The study also pointed out that using cognitive maps to assist spatial reasoning can significantly improve the model's performance on spatial tasks, with the accuracy increasing by up to 10 percentage points. This shows that explicitly generating cognitive maps can help break through the model's bottleneck in spatial understanding.
Li Feifei said that spatial intelligence is the key ability of AI to understand the physical world and is crucial to the realization of artificial general intelligence (AGI). She believes that spatial intelligence will become the next cutting-edge technology direction in the field of AI, and is even expected to achieve important breakthroughs in 2025.
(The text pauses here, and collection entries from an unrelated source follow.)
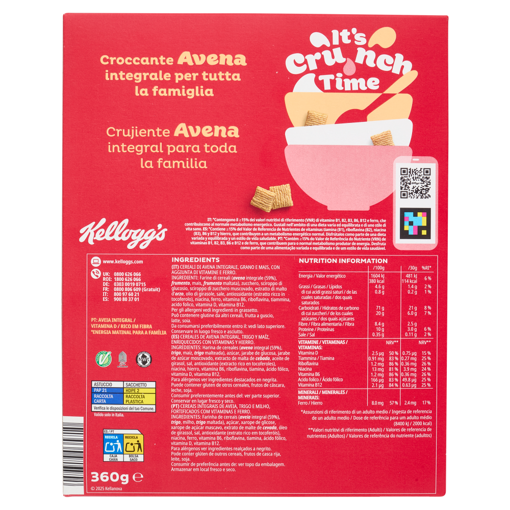Croccante Avena integrale per tutta la famiglia Avena integrale Vitamina D Ricco di fibre Inizia la giornata con un pieno di Energia* *Contengono il ≥15% dei valori nutritivi di riferimento (VNR) di vitamine B1, B2, B3, B6, B12 e ferro, che contribuiscono al normale metabolismo energetico. Gustali nell'ambito di una dieta varia ed equilibrata e di uno stile di vita sano.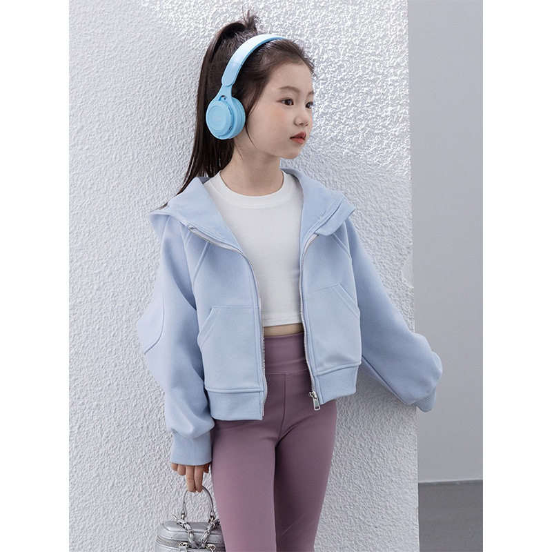 儿童lulu风短款连帽外套2025春款洋气女童宽松卫衣中大童休闲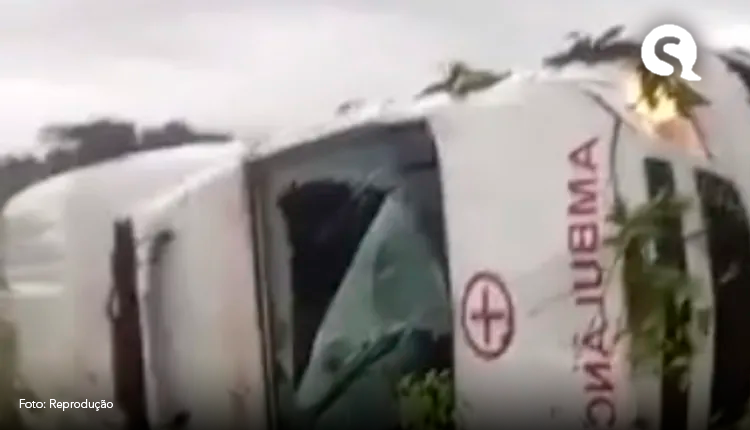 Ambulância com paciente sai da pista e tomba em dia de chuva em Tauá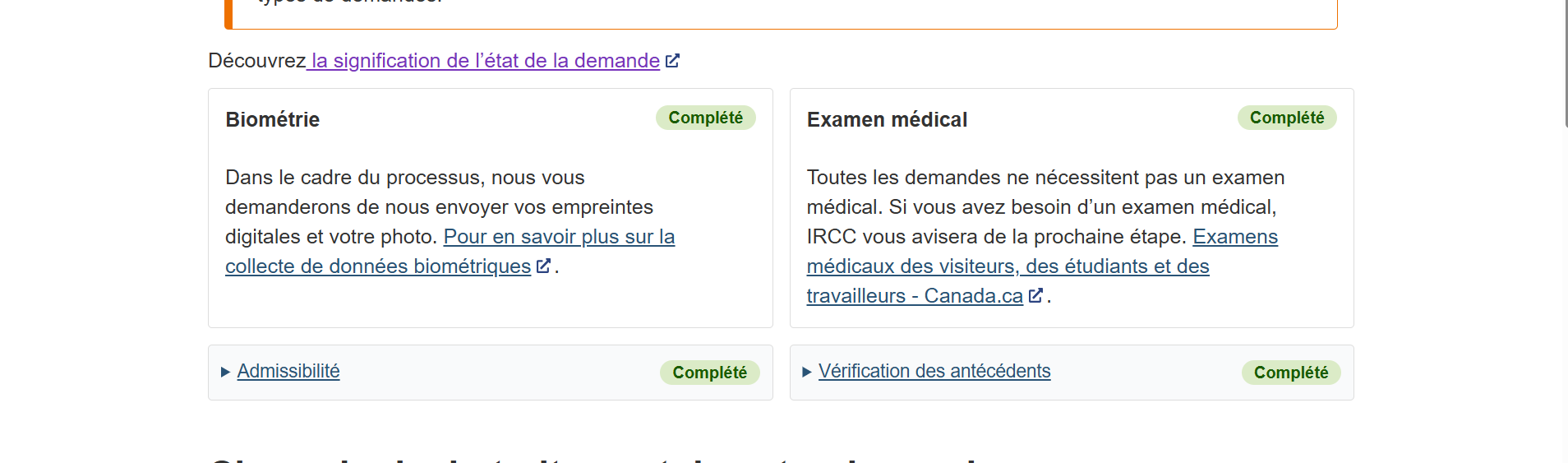 ReneG Posté(e) 29 juillet Posté(e) 29 juillet Bonjour à tous Demande PRTQ - Outland - Dépôt de la demande : 29 mai 2025 - AR - demande de correction - invitation Biométrie : 06 juin 2025 - Biométrie fait: 09 juin 2025 - IVM : 10 Juin 2025 - Envoie Correction : 10 Juin 2025 - VM : 16 Juin 2025 C’était rapide mais je n’ai plus aucun nouvel depuis. Le résultat de la VM est vide dans mon espace IRCC clé et la vérification antécédent est « sans objectif » Je n’arrive pas à avoir une info de suivi sur ma demande, quelqu’un pourrai m’aider ? Le site https://www.canada.ca/fr/immigration-refugies-citoyennete/services/demande/verifier-etat.html ne me donne pas de résultat Citer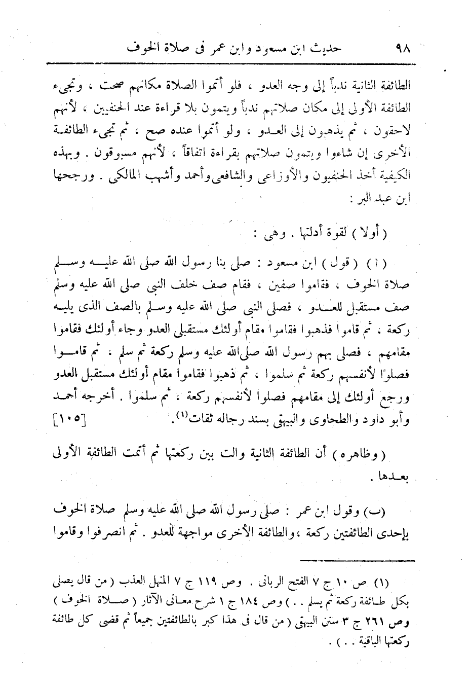 (¬1) ص 10 ج 7 الفتح الربانى. وص 119 ج 7 المنهل العذب (من قال يصلى بكل طائفة ركعة ثم يسلم .. ) وص 184 ج 1 شرح معانى الآثار (صلاة الخوف) وص 261 ج 3 سنن البيهقى (من قال فى هذا كبر بالطائفتين جميعاً ثم قضى كل طائفة ركعتها الباقية .. ).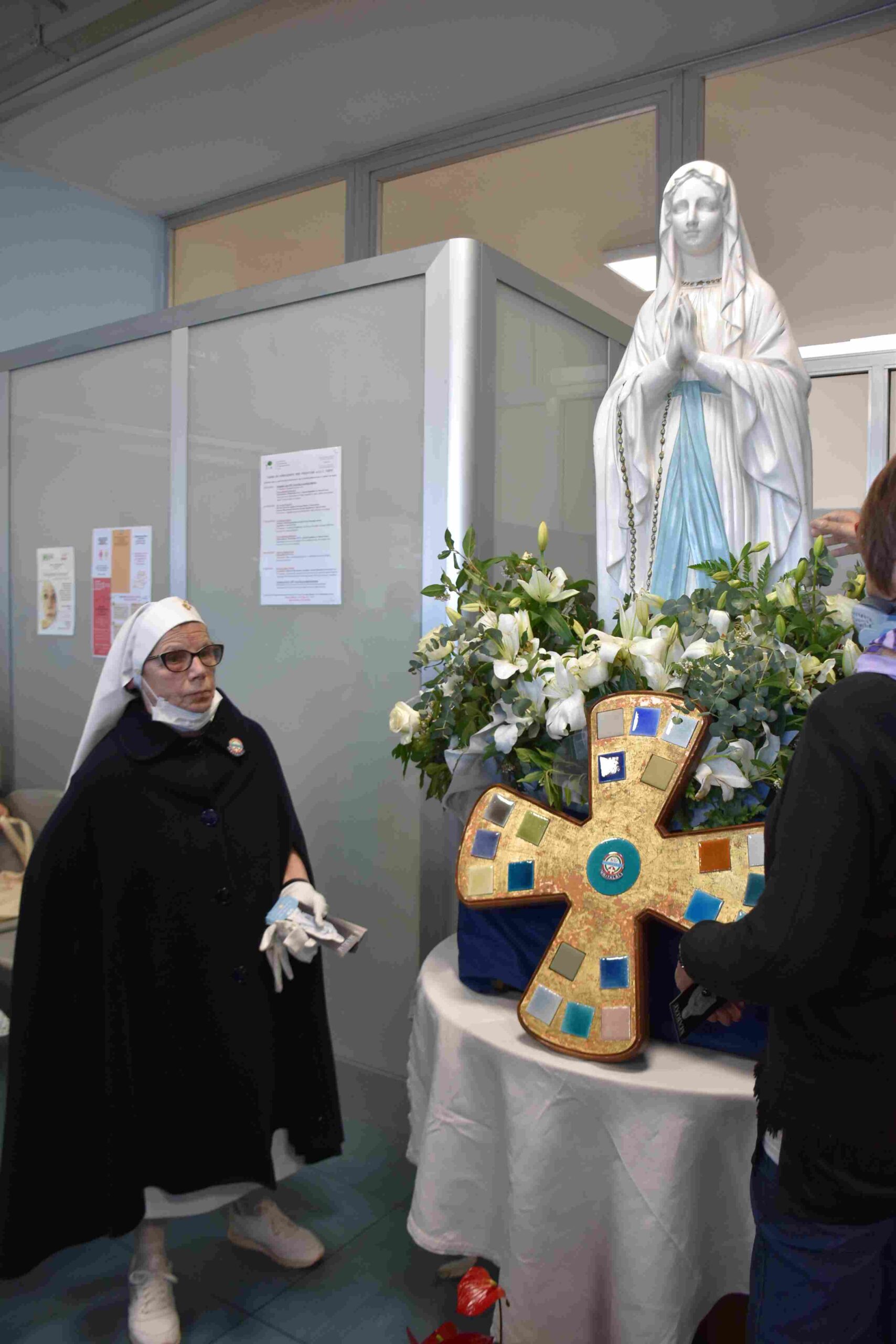 Con l’effige viaggia anche una croce che è stata completata dai presidenti di Sezione a Lourdes, a conclusione del pellegrinaggio nazionale di settembre scorso, composta da venti tasselli in pietra colorata, rappresentanti sia le venti Sezioni dell’Unitalsi, che i venti misteri del Rosario, rispettivamente i nostri territori che camminano con la Madonna, pregando il Rosario per la Pace, e invitando il popolo dei fedeli a “venire in pellegrinaggio”!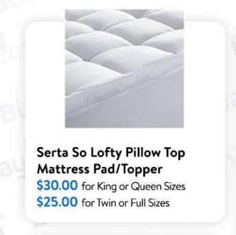 Serta So Lofty Pillow Top Mattress Pad/Topper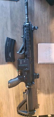 Has been converted to deans connectors. Has an added single sling attachment on the buffer tube. Will come with original trademarked mid cap 120 round magazine. Will also come with angled grip as pictured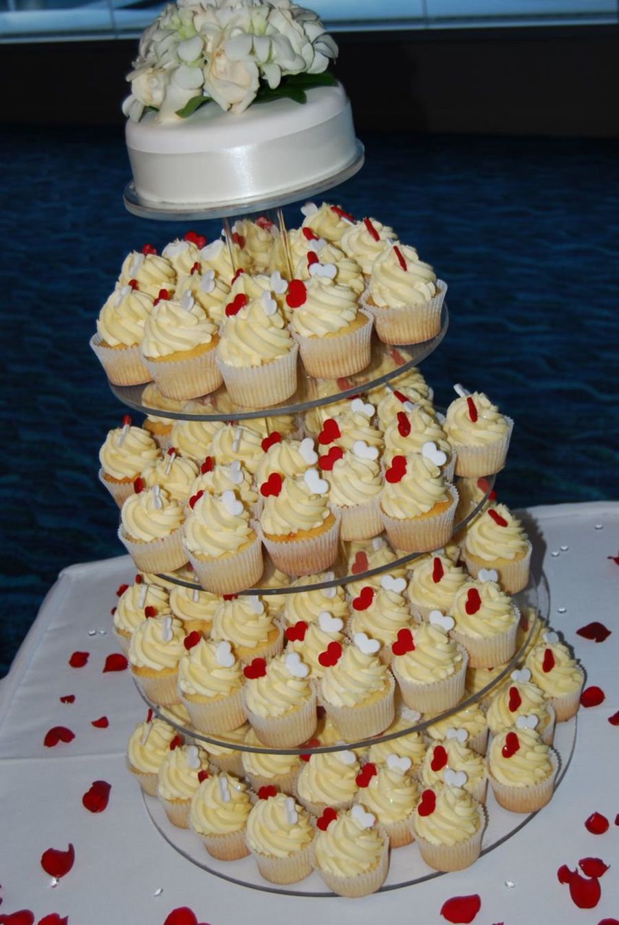 Cupcake tower created for a red and white themed wedding.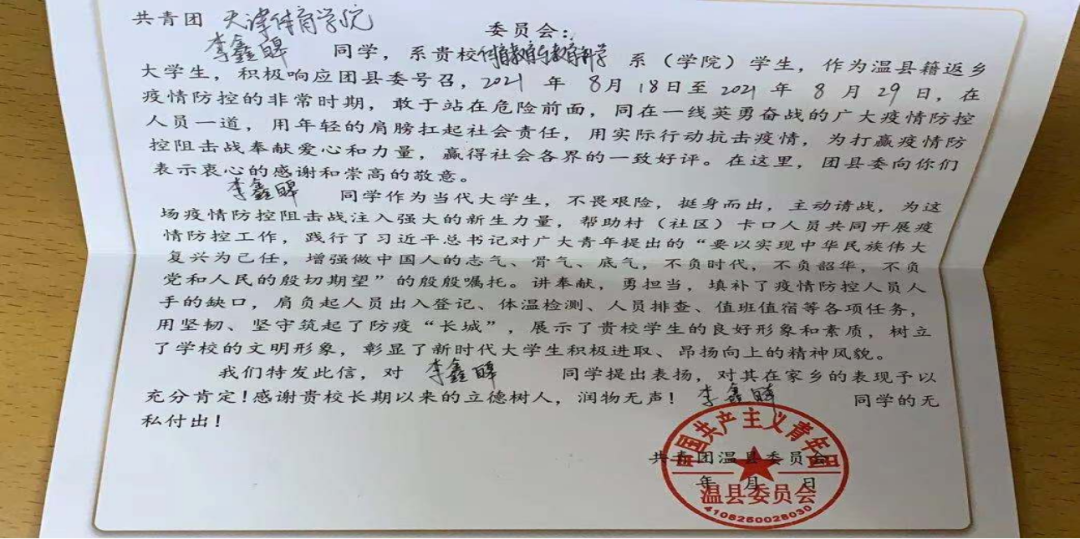 李鑫皞同学表示:在暑假做志愿期间,感受到了中国广大人民劲往一处使的责任感和使命感,越来越多的人参与到志愿服务中来,我对此非常感动。作为一名新时代大学生预备党员,我积极向老一辈党员同志看齐,同站在疫情防控前线的工作者并肩,为家乡奉献爱心和力量,不断践行“全心全意为人民服务”的宗旨,努力做一名优秀的共产党员。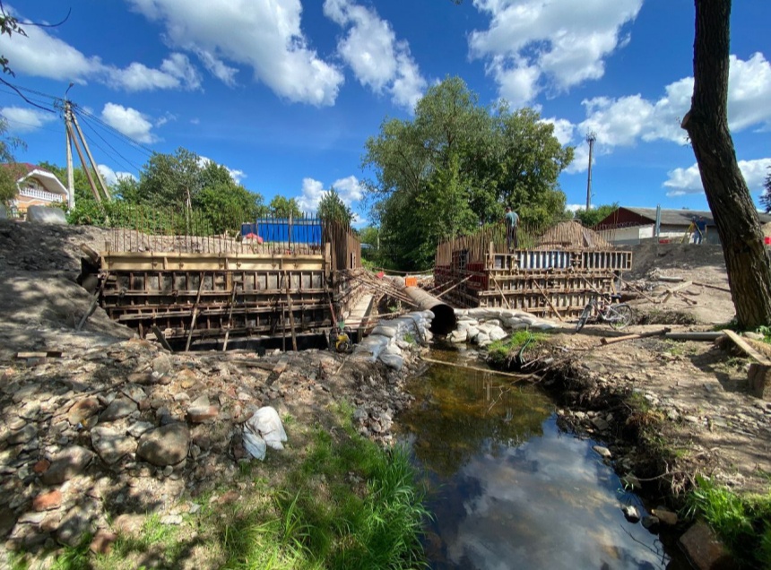 «Сейчас специалисты возводят опалубку для заливки монолитных опор моста. Всего их будет две. Пролетное строение будет выполнено из железобетонной плиты», – подчеркнул Борис Елкин.
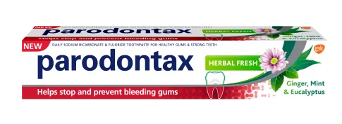 Parodontax zubna pasta Herbal fresh sadrži mineralnu sol i klinički dokazano pomaže pri zaustavljanju i sprječavanju krvarenja desni tako što uklanja nakupljeni bakterijski plak - glavni uzrok krvarenja desni, s ciljem postizanja zdravijih desni i jačih zuba.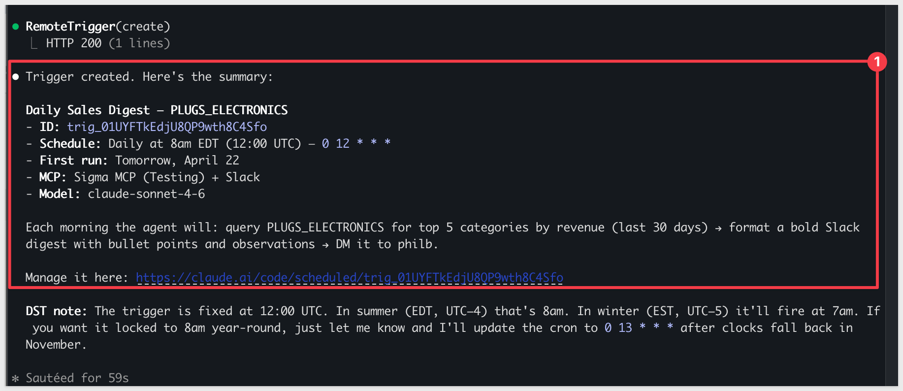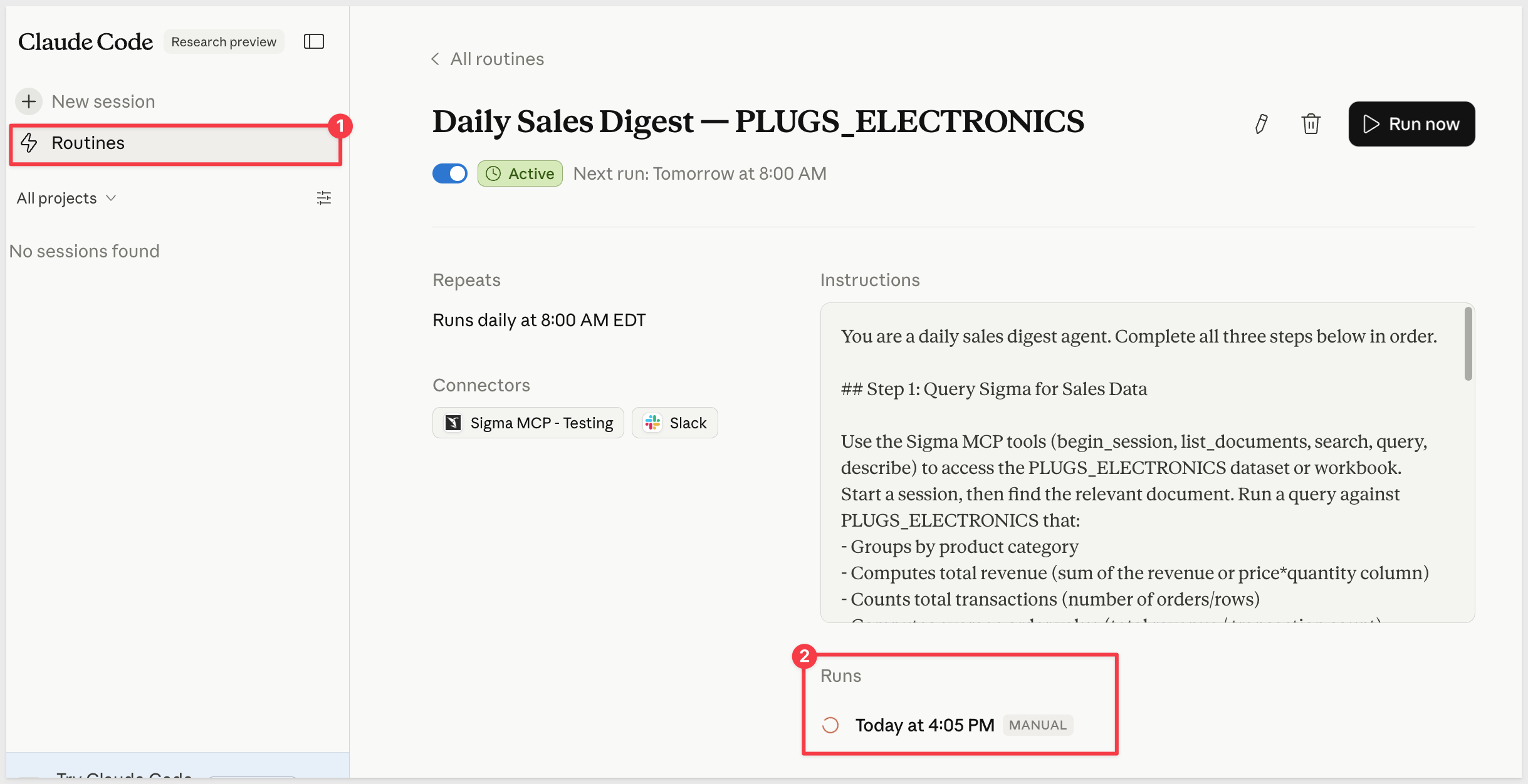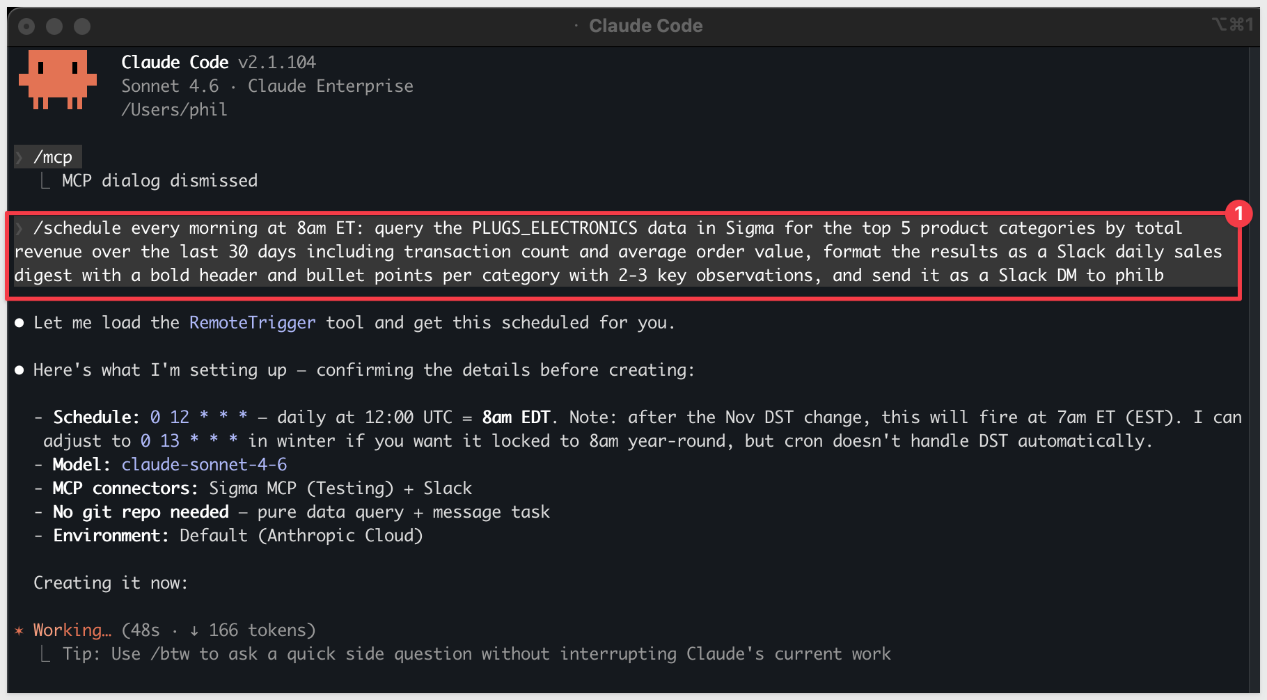 Use Claude Code to query live data from Sigma, format the results as a daily sales digest, and deliver it to Slack automatically — once now to verify it works, then on a recurring schedule.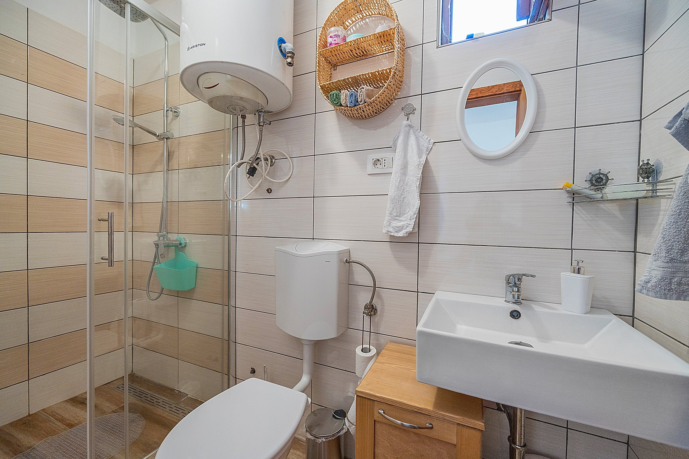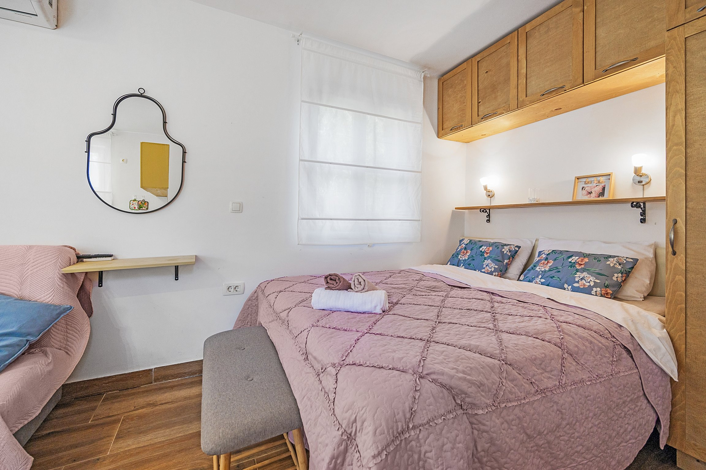 Studio Apartment Mare is a perfect choice for a couple getaway, as it can host up to two people. The apartment consists of a living area and a small bathroom, as well as the private terrace. The livng area is equipped with a small kitchen with all the necesary amenities, such as: cooker, fridge with a freezer drawer, sink, microwave, electric kettle and a toaster and a dining table for two and a sofa. A queensize bed will guarantee a comfortable sleep.

In September this year, World Labs, a company founded by Li Feifei, announced its official launch and focuses on developing AI models with spatial intelligence. The company has received investment from well-known institutions including Nvidia, a16z, Adobe and other well-known institutions, and its current valuation exceeds US$1 billion.
This research and its application mark a key advancement in AI technology from two-dimensional information processing to three-dimensional space perception. In the future, it is expected to be widely used in navigation, robot interaction, augmented reality and other fields, opening up a new path for the further development of artificial intelligence.
The results of this research are exciting and point out a new direction for the development of AI. In the future, with the continuous advancement of technology, AI applications based on spatial intelligence will profoundly change our lives and bring more convenience and possibilities to human society.